A resenha de hoje é do livro O Rato e a Montanha, baseado em uma fábula escrita pelo filósofo italiano Antonio Gramsci, ilustrado por Laia Domènech e lançado no Brasil pela Boitatá, o selo de literatura infantil da Editora Boitempo.

O texto no qual este livro se baseou foi escrito por Gramsci em 1931 em uma carta enviada a seus filhos no período em estava preso devido à perseguição política do regime fascista italiano.

Esse objetivo de se comunicar com seus filhos se reflete no caráter carinhoso e didático da narrativa, bem como no tom de esperança da história, apesar desta ter sido escrita em um contexto de cárcere e com seu país em estado de depressão econômica, desolação social e opressão política.

A fábula narra a saga de um rato que, arrependido por ter bebido o único copo de leite de um menino, busca pela cidade e pela natureza meios para que haja leite disponível novamente.

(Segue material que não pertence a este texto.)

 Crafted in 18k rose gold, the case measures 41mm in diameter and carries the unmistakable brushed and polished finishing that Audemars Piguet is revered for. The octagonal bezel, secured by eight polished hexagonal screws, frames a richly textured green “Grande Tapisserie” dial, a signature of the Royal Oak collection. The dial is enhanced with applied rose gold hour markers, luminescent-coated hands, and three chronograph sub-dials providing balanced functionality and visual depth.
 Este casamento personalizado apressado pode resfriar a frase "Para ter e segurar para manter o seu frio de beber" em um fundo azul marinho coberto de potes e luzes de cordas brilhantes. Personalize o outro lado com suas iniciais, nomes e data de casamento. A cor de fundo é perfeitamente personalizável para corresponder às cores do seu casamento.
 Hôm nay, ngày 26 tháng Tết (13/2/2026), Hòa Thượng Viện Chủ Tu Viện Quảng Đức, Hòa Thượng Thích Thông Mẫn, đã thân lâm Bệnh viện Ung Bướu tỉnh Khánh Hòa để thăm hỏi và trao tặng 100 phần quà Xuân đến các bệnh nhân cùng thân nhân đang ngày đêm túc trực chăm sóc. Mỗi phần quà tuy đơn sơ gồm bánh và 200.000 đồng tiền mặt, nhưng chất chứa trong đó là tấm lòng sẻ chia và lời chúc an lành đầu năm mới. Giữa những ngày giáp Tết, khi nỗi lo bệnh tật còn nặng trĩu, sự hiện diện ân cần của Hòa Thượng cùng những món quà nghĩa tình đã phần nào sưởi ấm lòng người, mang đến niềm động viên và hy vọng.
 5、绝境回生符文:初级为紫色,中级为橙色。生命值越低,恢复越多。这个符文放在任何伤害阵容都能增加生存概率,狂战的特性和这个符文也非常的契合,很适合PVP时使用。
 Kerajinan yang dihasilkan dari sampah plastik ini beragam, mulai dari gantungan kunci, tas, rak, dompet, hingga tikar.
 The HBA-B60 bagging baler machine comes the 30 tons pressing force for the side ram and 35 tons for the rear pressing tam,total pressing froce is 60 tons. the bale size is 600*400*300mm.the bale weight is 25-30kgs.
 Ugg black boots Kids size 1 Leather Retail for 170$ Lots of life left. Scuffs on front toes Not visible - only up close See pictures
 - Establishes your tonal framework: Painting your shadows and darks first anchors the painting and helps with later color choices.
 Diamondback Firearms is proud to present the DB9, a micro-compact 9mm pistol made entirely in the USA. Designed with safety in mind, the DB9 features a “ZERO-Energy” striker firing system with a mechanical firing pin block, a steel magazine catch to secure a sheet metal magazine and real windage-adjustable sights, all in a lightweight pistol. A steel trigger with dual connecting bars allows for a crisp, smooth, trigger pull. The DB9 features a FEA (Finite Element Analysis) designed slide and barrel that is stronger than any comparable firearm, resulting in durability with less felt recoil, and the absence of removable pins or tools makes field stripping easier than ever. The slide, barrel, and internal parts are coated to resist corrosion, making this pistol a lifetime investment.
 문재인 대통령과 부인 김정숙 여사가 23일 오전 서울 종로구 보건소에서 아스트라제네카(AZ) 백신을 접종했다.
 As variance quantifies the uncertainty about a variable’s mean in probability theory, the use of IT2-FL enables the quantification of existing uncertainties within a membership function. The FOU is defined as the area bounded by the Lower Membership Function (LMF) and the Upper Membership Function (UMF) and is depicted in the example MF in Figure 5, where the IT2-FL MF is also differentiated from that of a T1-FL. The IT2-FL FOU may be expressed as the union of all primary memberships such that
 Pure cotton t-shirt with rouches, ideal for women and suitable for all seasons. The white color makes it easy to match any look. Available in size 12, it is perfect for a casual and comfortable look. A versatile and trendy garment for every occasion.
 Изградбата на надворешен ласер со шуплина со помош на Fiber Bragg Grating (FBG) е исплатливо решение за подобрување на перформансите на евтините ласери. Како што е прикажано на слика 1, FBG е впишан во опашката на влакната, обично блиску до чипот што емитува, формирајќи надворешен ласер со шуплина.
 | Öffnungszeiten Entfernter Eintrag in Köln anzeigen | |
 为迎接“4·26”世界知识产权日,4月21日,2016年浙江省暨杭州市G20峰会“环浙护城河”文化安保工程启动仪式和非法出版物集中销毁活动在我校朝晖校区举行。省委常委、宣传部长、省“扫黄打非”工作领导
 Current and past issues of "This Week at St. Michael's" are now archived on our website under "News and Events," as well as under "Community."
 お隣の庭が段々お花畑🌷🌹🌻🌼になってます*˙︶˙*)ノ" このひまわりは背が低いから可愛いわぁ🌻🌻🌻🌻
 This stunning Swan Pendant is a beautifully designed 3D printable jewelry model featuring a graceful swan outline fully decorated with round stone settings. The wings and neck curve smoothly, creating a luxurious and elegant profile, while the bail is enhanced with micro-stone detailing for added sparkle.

Para isso, o rato conversa com a cabra e descobre que ela não dá leite porque o campo não dá mais capim, e então conversa com o campo e descobre que ele não dá mais capim porque a fonte não dá mais água, e então conversa com a fonte, e assim por diante. Finalmente, o rato chega até a pobre montanha com “suas encostas desmatadas e os cursos dos riachos secos” em que os “homens de negócio haviam derrubado tudo”. A montanha concorda em fornecer material para ajudar a ter leite novamente para o menino sob a promessa de que, quando o menino crescesse, ele replantaria as árvores para a chuva voltar, e assim formar o riacho e regar o vale novamente. Desse modo, as terras voltariam a serem férteis.

Numa primeira camada, mais evidente, Gramsci deixa evidente sua visão de mundo, segundo a qual é possível obter o progresso de uma sociedade se todos indivíduos estiverem trabalhando colaborativamente visando um objetivo comum.

Numa segunda camada, Gramsci acaba tratando sobre as consequências das ações humanas para o clima, uma discussão à frente do seu tempo, já que escreveu em 1931. Por mais que o impacto humano diretamente sobre o meio ambiente local (no sentido de mudança da paisagem natural) já fosse debatido desde a Primeira Revolução Industrial no século XVIII, a mudança climática em decorrência dessas ações se tornou pauta de discussão apenas na década de 1970. Na carta original, Gramsci ainda explica: “a precipitação atmosférica volta a ser regular porque as árvores retêm os vapores e impedem que as torrentes devastem a planície”.

As ilustrações de Laia Domènech são predominantemente sem cor, o que permite estabelecer um contraste com as ilustrações das últimas página em que tons verdes surgem como indicativo da prosperidade alcançada pela comunidade.

O Rato e a Montanha oferece, ao mesmo tempo, tanto uma história com elementos de fábula, que conseguem despertar a atenção de crianças de todas as idades, como também um ensaio repleto de simbolismos para tratar de assuntos como economia local, coletividade e impactos ambientais.